As for preferences, you can engage someone 11 minutes, 35 minutes, or 60 minutes, but if they’re not really interested then it’s not meaningful. Respecting the person’s preferences to create meaningful engagement is actually more important than the amount of engagement time.
Finally, how satisfied they are overall with those preferences and with the amount of time being engaged is also important to consider.
DC: Is that 35 minutes a day a minimum number or a sweet spot?
JS: It’s a sweet spot. For example, if you look at the research for cognitive engagement, more than 30 minutes a day would not provide any more rehabilitation; less than 30 minutes a day, you are not getting the full potential. So, we set that benchmark for 35 minutes based on an average taken from a literature review and our champion customers at Linked Senior. You also need to consider the person’s level of functioning.
DC: There’s a saying that you can’t improve what you don’t measure. CMS tracks medical care, resident status, and psychosocial status. Each nursing home provides quarterly reports on how residents are doing in terms of infections and bed sores and depression diagnoses, and more. I know you’re keen to capture more information that relates to how life is for residents. What do you envision down the road in terms of measurement?

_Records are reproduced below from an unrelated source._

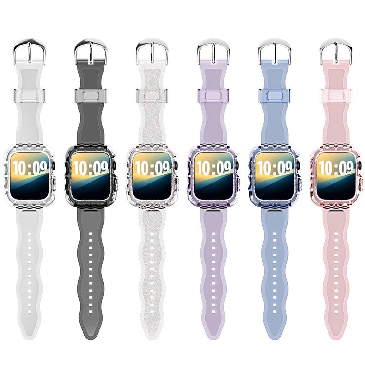 For Apple Watch Series 10 46mm Watch Case with Band Wave Pattern Integrated Watch Strap TPU Adjustable - White Glitter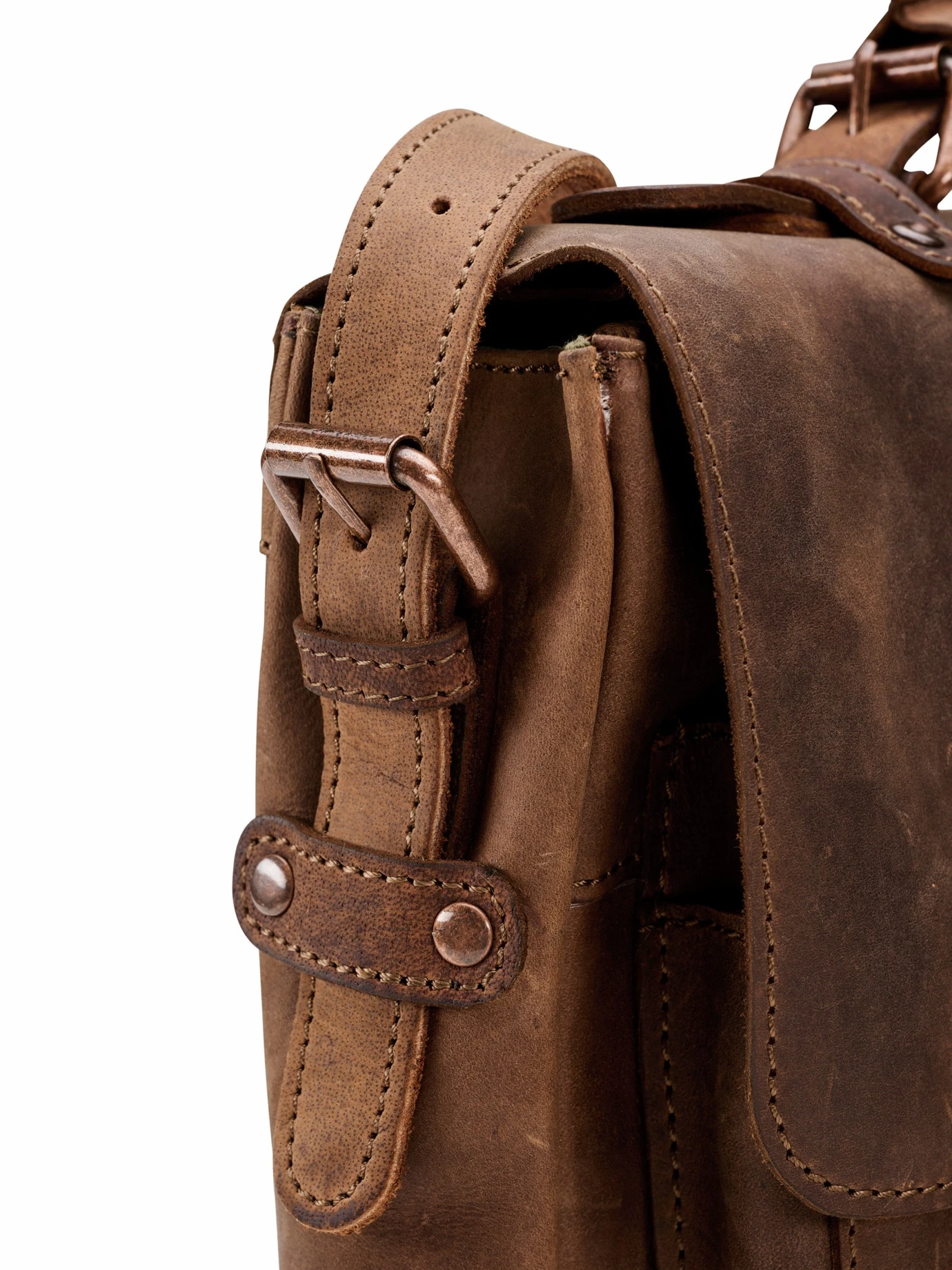 Wächst mit ihren Aufgaben. Kein Täschchen, mehr ein Gebrauchsgegenstand. Das natürlich gegerbte, geölte und gewachste Antikleder darf hart rangenommen (auch aufs Pult geknallt) werden. Mit ihren Reserven in der Tiefe wächst die kleine Aktentasche auf eine Größe, die ein 13-Zoll-Laptop und einen mittelgroßen Ordner schluckt.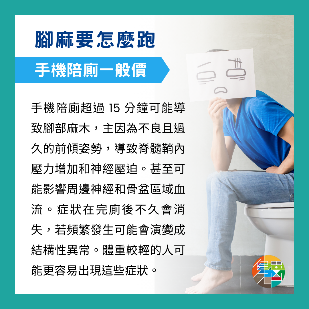通常症狀在完廁後不久後就會消失,但是你得先拖著你的腿離開廁所,並忍受那種麻麻的不適感!然而,若這類症狀頻繁發生,可能會逐漸演變成真正的結構性異常,這是需要注意的。

JS: Ultimately what we’re trying to measure is how resident engagement impacts residents’ overall health outcomes. CMS is essentially tracking how a nursing home provides medical care. Most skilled nursing facilities are looking at what impacts their five star rating and their quality measures. and those are mostly medical in nature. There are a couple of psychosocial factors included, but it is heavily based on medical factors. We’re looking at psychosocial well-being, how that’s managed and cared for, and how that impacts clinical health outcomes, as well. We hope the Resident Engagement Institute, for the first time, will show through our research that resident engagement impacts clinical health outcomes; some of our preliminary studies already demonstrate this.
We know resident engagement lowers falls, depression, behavioral issues, the use of PRN psychotropics, hospitalizations and more; we want to be able to show this more consistently. This not only demonstrates the benefits of resident engagement, but also the return on investment, which a lot of organizations and operators want to know about. Additionally, if we can prove this through continued research, then just as facilities are paid a higher amount for therapy minutes, they should get paid for engagement minutes. However, the ideal measure would be a home’s performance in addressing the needs and psychosocial preferences of the population they care for.

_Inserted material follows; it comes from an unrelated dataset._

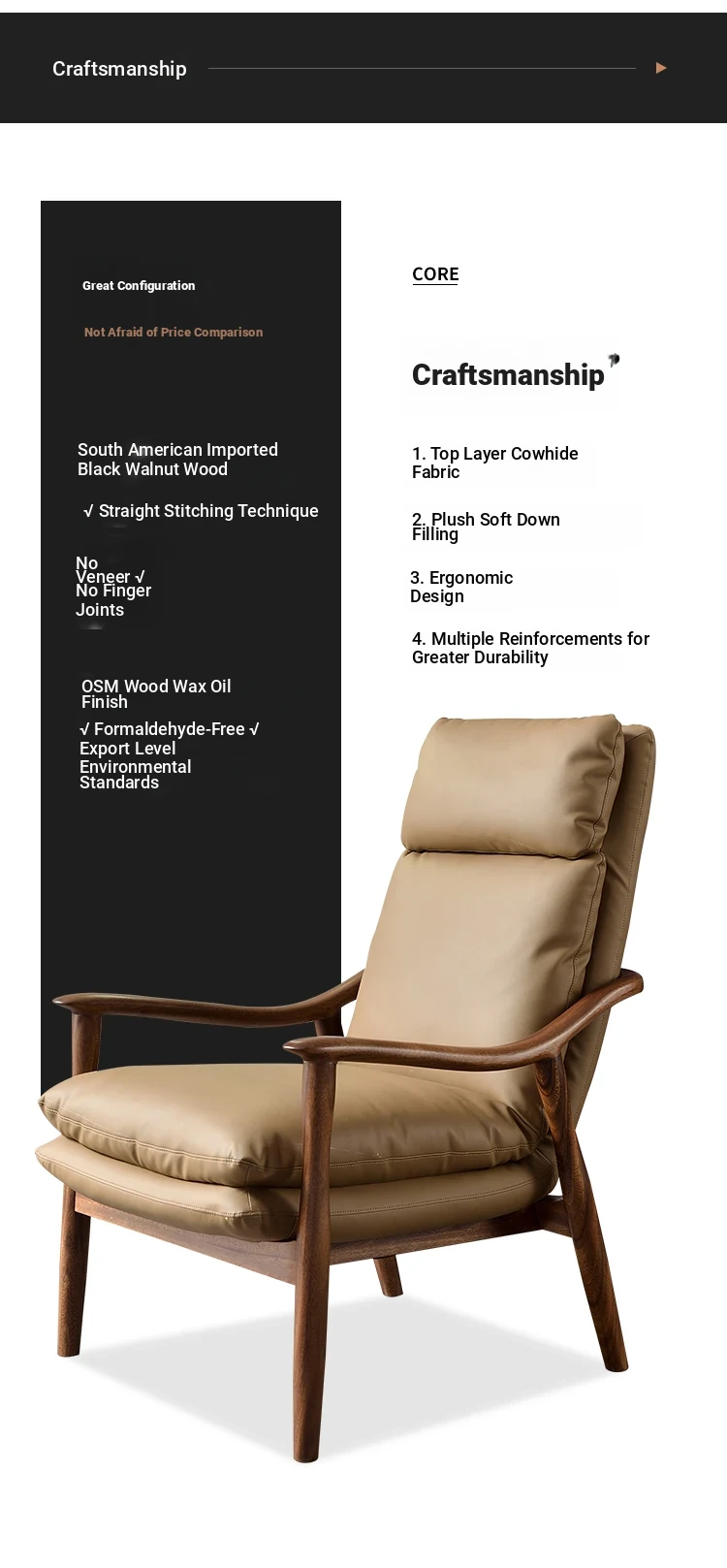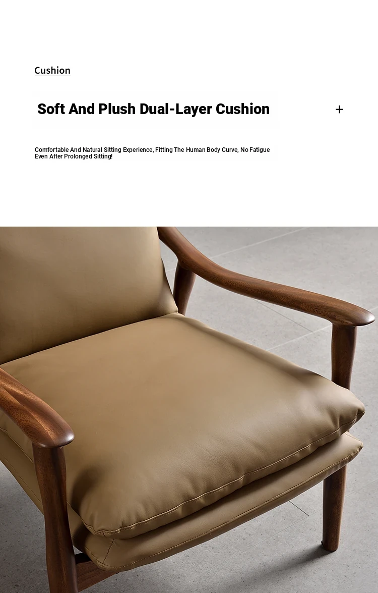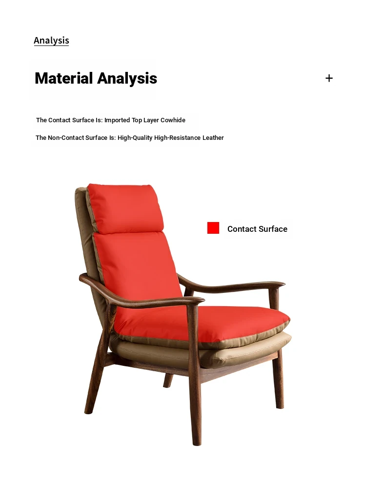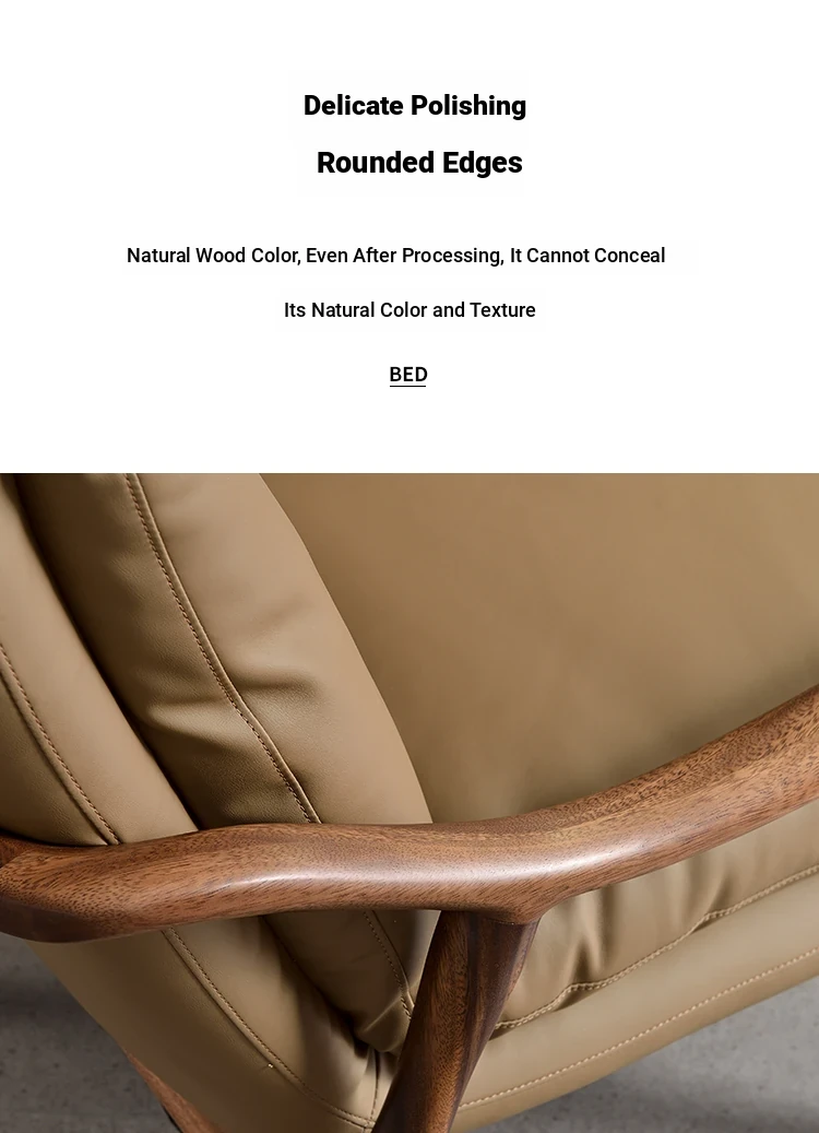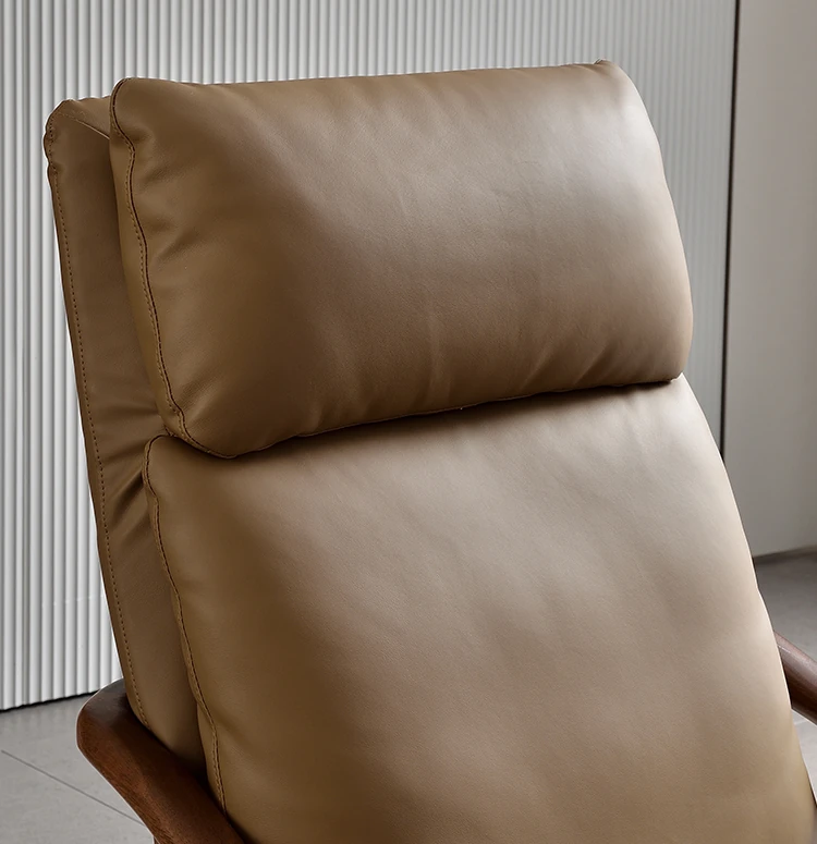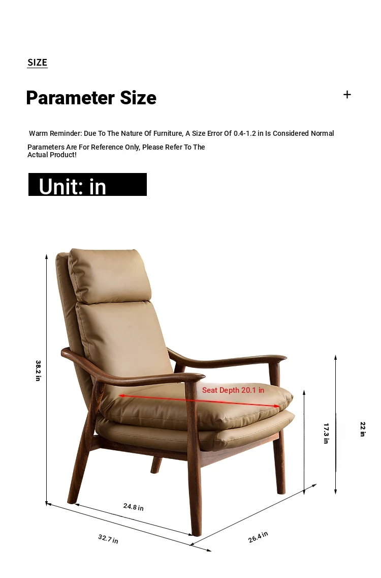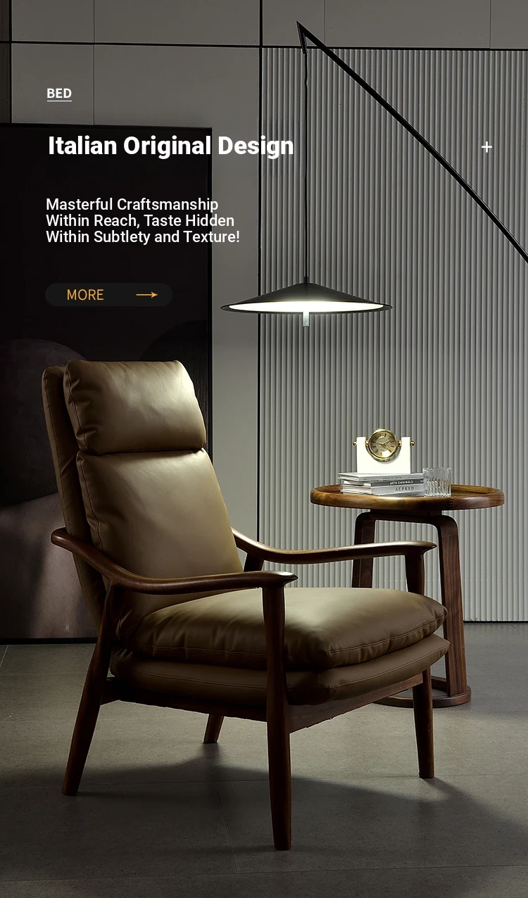 Modern Minimalist Black Walnut Solid Wood Leisure Chair - Comfortable Leather Sofa Chair for Living Room, Perfect for Relaxing on the Balcony or as a Single Recliner.
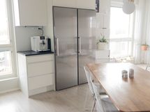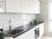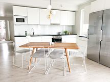 - Tilaa isolle ruokapöydälle, Paljon kaappitilaa, Paljon työskentelytilaa, Halogeenivalot, Laminaattitasot, Integroidut koneet, Astianpesukone, induktioliesi, Liesikupu, Jääkaappi, Pakastin,

DC: How can we measure satisfaction, particularly resident satisfaction, when not everyone may be able to fill out a survey?
JS: Within our platform we hope to have a behavioral satisfaction survey for the residents. As they are being provided an activity, the activity professional will ask them, “George, on a 1 to 5 star scale, with 5 being you’re mostly satisfied and 1 being not satisfied at all, how would you rate the activity you were just in?” Additionally, if the resident is non-verbal or has advanced dementia, then this approach would be altered either with visuals or observing the residents’ reactions. We would collect that data over time to determine how satisfied the residents are with the different kinds of programs.
A lot of organizations have invested in some kind of family survey, but not necessarily a resident survey, which is just astounding to me. They typically will take a portion of residents’ feedback from a formal resident council meeting, but it doesn’t capture the majority of residents’ satisfaction levels. Dr. Jiska Cohen Mansfield developed the agitation scale for behavior expression; there is similar work that can measure non-verbal level of engagement. You can also argue that absence of behavior expressions and repeated attendance to certain programs, or non-refusal of them, mean that they do provide something meaningful.
DC: In nursing homes, what percentage of people do you think would be able to answer? And is there accommodation for people who are more limited in their ability to answer? Or are their questions so basic that a lot of people would be able to answer, regardless?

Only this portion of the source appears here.